| Your objective |
Down to the last line below, give the listing again exactly.

── Given records

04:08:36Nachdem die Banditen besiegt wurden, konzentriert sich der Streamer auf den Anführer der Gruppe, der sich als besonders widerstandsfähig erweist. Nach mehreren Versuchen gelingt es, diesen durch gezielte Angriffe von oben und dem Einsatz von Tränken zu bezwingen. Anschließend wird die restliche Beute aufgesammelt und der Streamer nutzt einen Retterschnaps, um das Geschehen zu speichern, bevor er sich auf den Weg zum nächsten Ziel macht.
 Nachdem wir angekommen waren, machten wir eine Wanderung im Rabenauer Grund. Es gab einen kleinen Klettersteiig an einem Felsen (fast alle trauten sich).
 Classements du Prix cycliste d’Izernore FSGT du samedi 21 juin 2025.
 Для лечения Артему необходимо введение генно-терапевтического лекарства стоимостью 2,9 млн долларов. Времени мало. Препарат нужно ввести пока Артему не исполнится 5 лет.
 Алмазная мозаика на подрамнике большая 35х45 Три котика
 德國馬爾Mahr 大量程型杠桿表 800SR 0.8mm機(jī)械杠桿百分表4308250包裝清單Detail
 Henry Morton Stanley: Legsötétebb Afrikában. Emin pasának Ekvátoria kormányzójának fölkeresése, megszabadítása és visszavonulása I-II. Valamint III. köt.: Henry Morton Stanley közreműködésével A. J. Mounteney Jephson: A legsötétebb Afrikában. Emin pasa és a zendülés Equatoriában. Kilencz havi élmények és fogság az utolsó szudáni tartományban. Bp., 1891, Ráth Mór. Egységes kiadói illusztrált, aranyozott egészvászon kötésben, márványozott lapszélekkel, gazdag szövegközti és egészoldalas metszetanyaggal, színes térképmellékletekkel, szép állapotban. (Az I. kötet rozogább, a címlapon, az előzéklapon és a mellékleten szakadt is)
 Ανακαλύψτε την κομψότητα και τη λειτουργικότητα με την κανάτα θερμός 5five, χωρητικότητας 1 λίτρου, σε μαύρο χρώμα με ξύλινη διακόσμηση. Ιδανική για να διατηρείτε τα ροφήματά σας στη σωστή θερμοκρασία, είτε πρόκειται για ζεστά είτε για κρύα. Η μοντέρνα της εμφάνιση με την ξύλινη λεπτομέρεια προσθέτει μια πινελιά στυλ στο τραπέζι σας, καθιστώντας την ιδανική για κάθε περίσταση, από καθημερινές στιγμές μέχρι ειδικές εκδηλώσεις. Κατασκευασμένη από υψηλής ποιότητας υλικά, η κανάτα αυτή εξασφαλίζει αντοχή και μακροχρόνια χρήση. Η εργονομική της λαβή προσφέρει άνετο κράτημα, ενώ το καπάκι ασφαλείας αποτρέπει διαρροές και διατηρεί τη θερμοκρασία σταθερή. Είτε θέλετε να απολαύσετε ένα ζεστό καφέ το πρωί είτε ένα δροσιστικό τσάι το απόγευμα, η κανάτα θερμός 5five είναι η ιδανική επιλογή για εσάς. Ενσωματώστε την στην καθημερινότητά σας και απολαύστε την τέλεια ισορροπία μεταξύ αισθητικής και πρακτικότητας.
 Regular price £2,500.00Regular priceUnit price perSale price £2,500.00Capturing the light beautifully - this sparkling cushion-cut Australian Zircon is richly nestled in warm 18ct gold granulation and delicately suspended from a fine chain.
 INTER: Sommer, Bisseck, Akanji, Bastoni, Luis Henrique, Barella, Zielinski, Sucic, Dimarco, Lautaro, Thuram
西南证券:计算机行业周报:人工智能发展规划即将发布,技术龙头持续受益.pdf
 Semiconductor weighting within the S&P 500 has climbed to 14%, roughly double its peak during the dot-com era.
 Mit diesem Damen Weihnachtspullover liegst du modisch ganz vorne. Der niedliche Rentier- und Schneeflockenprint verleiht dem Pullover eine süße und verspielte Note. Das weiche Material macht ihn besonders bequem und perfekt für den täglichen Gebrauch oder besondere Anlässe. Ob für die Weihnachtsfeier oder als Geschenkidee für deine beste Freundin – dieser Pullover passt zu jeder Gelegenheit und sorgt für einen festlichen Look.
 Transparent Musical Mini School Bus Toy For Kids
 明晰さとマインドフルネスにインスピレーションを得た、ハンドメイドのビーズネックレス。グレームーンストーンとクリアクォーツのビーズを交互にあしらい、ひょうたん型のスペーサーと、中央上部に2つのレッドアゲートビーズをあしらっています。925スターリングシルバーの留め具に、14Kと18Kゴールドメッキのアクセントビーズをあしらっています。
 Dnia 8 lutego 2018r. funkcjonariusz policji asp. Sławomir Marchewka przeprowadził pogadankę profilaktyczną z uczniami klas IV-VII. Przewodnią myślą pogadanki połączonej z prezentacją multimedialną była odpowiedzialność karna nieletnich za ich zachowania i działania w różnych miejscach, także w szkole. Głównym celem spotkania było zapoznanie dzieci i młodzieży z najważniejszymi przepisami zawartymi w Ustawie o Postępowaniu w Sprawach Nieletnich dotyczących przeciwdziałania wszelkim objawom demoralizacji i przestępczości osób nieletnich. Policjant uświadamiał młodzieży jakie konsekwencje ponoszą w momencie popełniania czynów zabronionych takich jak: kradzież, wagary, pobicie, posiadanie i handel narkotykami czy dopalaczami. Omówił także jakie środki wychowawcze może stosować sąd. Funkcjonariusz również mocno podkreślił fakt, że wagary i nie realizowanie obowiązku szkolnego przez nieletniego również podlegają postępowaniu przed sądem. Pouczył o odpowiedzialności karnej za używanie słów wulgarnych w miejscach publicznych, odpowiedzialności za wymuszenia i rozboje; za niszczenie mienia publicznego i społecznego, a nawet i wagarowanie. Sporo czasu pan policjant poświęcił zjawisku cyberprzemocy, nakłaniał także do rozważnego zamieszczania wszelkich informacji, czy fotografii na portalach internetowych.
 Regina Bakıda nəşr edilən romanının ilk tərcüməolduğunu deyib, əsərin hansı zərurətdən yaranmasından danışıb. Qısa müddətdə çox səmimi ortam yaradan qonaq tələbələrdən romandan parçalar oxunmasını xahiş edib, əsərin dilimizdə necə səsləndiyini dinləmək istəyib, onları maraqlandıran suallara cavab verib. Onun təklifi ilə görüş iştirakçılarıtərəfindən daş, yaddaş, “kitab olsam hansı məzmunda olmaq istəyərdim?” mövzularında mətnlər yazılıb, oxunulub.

────

| Your solution |
04:08:36Nachdem die Banditen besiegt wurden, konzentriert sich der Streamer auf den Anführer der Gruppe, der sich als besonders widerstandsfähig erweist. Nach mehreren Versuchen gelingt es, diesen durch gezielte Angriffe von oben und dem Einsatz von Tränken zu bezwingen. Anschließend wird die restliche Beute aufgesammelt und der Streamer nutzt einen Retterschnaps, um das Geschehen zu speichern, bevor er sich auf den Weg zum nächsten Ziel macht.
 Nachdem wir angekommen waren, machten wir eine Wanderung im Rabenauer Grund. Es gab einen kleinen Klettersteiig an einem Felsen (fast alle trauten sich).
 Classements du Prix cycliste d’Izernore FSGT du samedi 21 juin 2025.
 Для лечения Артему необходимо введение генно-терапевтического лекарства стоимостью 2,9 млн долларов. Времени мало. Препарат нужно ввести пока Артему не исполнится 5 лет.
 Алмазная мозаика на подрамнике большая 35х45 Три котика
 德國馬爾Mahr 大量程型杠桿表 800SR 0.8mm機(jī)械杠桿百分表4308250包裝清單Detail
 Henry Morton Stanley: Legsötétebb Afrikában. Emin pasának Ekvátoria kormányzójának fölkeresése, megszabadítása és visszavonulása I-II. Valamint III. köt.: Henry Morton Stanley közreműködésével A. J. Mounteney Jephson: A legsötétebb Afrikában. Emin pasa és a zendülés Equatoriában. Kilencz havi élmények és fogság az utolsó szudáni tartományban. Bp., 1891, Ráth Mór. Egységes kiadói illusztrált, aranyozott egészvászon kötésben, márványozott lapszélekkel, gazdag szövegközti és egészoldalas metszetanyaggal, színes térképmellékletekkel, szép állapotban. (Az I. kötet rozogább, a címlapon, az előzéklapon és a mellékleten szakadt is)
 Ανακαλύψτε την κομψότητα και τη λειτουργικότητα με την κανάτα θερμός 5five, χωρητικότητας 1 λίτρου, σε μαύρο χρώμα με ξύλινη διακόσμηση. Ιδανική για να διατηρείτε τα ροφήματά σας στη σωστή θερμοκρασία, είτε πρόκειται για ζεστά είτε για κρύα. Η μοντέρνα της εμφάνιση με την ξύλινη λεπτομέρεια προσθέτει μια πινελιά στυλ στο τραπέζι σας, καθιστώντας την ιδανική για κάθε περίσταση, από καθημερινές στιγμές μέχρι ειδικές εκδηλώσεις. Κατασκευασμένη από υψηλής ποιότητας υλικά, η κανάτα αυτή εξασφαλίζει αντοχή και μακροχρόνια χρήση. Η εργονομική της λαβή προσφέρει άνετο κράτημα, ενώ το καπάκι ασφαλείας αποτρέπει διαρροές και διατηρεί τη θερμοκρασία σταθερή. Είτε θέλετε να απολαύσετε ένα ζεστό καφέ το πρωί είτε ένα δροσιστικό τσάι το απόγευμα, η κανάτα θερμός 5five είναι η ιδανική επιλογή για εσάς. Ενσωματώστε την στην καθημερινότητά σας και απολαύστε την τέλεια ισορροπία μεταξύ αισθητικής και πρακτικότητας.
 Regular price £2,500.00Regular priceUnit price perSale price £2,500.00Capturing the light beautifully - this sparkling cushion-cut Australian Zircon is richly nestled in warm 18ct gold granulation and delicately suspended from a fine chain.
 INTER: Sommer, Bisseck, Akanji, Bastoni, Luis Henrique, Barella, Zielinski, Sucic, Dimarco, Lautaro, Thuram
西南证券:计算机行业周报:人工智能发展规划即将发布,技术龙头持续受益.pdf
 Semiconductor weighting within the S&P 500 has climbed to 14%, roughly double its peak during the dot-com era.
 Mit diesem Damen Weihnachtspullover liegst du modisch ganz vorne. Der niedliche Rentier- und Schneeflockenprint verleiht dem Pullover eine süße und verspielte Note. Das weiche Material macht ihn besonders bequem und perfekt für den täglichen Gebrauch oder besondere Anlässe. Ob für die Weihnachtsfeier oder als Geschenkidee für deine beste Freundin – dieser Pullover passt zu jeder Gelegenheit und sorgt für einen festlichen Look.
 Transparent Musical Mini School Bus Toy For Kids
 明晰さとマインドフルネスにインスピレーションを得た、ハンドメイドのビーズネックレス。グレームーンストーンとクリアクォーツのビーズを交互にあしらい、ひょうたん型のスペーサーと、中央上部に2つのレッドアゲートビーズをあしらっています。925スターリングシルバーの留め具に、14Kと18Kゴールドメッキのアクセントビーズをあしらっています。
 Dnia 8 lutego 2018r. funkcjonariusz policji asp. Sławomir Marchewka przeprowadził pogadankę profilaktyczną z uczniami klas IV-VII. Przewodnią myślą pogadanki połączonej z prezentacją multimedialną była odpowiedzialność karna nieletnich za ich zachowania i działania w różnych miejscach, także w szkole. Głównym celem spotkania było zapoznanie dzieci i młodzieży z najważniejszymi przepisami zawartymi w Ustawie o Postępowaniu w Sprawach Nieletnich dotyczących przeciwdziałania wszelkim objawom demoralizacji i przestępczości osób nieletnich. Policjant uświadamiał młodzieży jakie konsekwencje ponoszą w momencie popełniania czynów zabronionych takich jak: kradzież, wagary, pobicie, posiadanie i handel narkotykami czy dopalaczami. Omówił także jakie środki wychowawcze może stosować sąd. Funkcjonariusz również mocno podkreślił fakt, że wagary i nie realizowanie obowiązku szkolnego przez nieletniego również podlegają postępowaniu przed sądem. Pouczył o odpowiedzialności karnej za używanie słów wulgarnych w miejscach publicznych, odpowiedzialności za wymuszenia i rozboje; za niszczenie mienia publicznego i społecznego, a nawet i wagarowanie. Sporo czasu pan policjant poświęcił zjawisku cyberprzemocy, nakłaniał także do rozważnego zamieszczania wszelkich informacji, czy fotografii na portalach internetowych.
 Regina Bakıda nəşr edilən romanının ilk tərcüməolduğunu deyib, əsərin hansı zərurətdən yaranmasından danışıb. Qısa müddətdə çox səmimi ortam yaradan qonaq tələbələrdən romandan parçalar oxunmasını xahiş edib, əsərin dilimizdə necə səsləndiyini dinləmək istəyib, onları maraqlandıran suallara cavab verib. Onun təklifi ilə görüş iştirakçılarıtərəfindən daş, yaddaş, “kitab olsam hansı məzmunda olmaq istəyərdim?” mövzularında mətnlər yazılıb, oxunulub.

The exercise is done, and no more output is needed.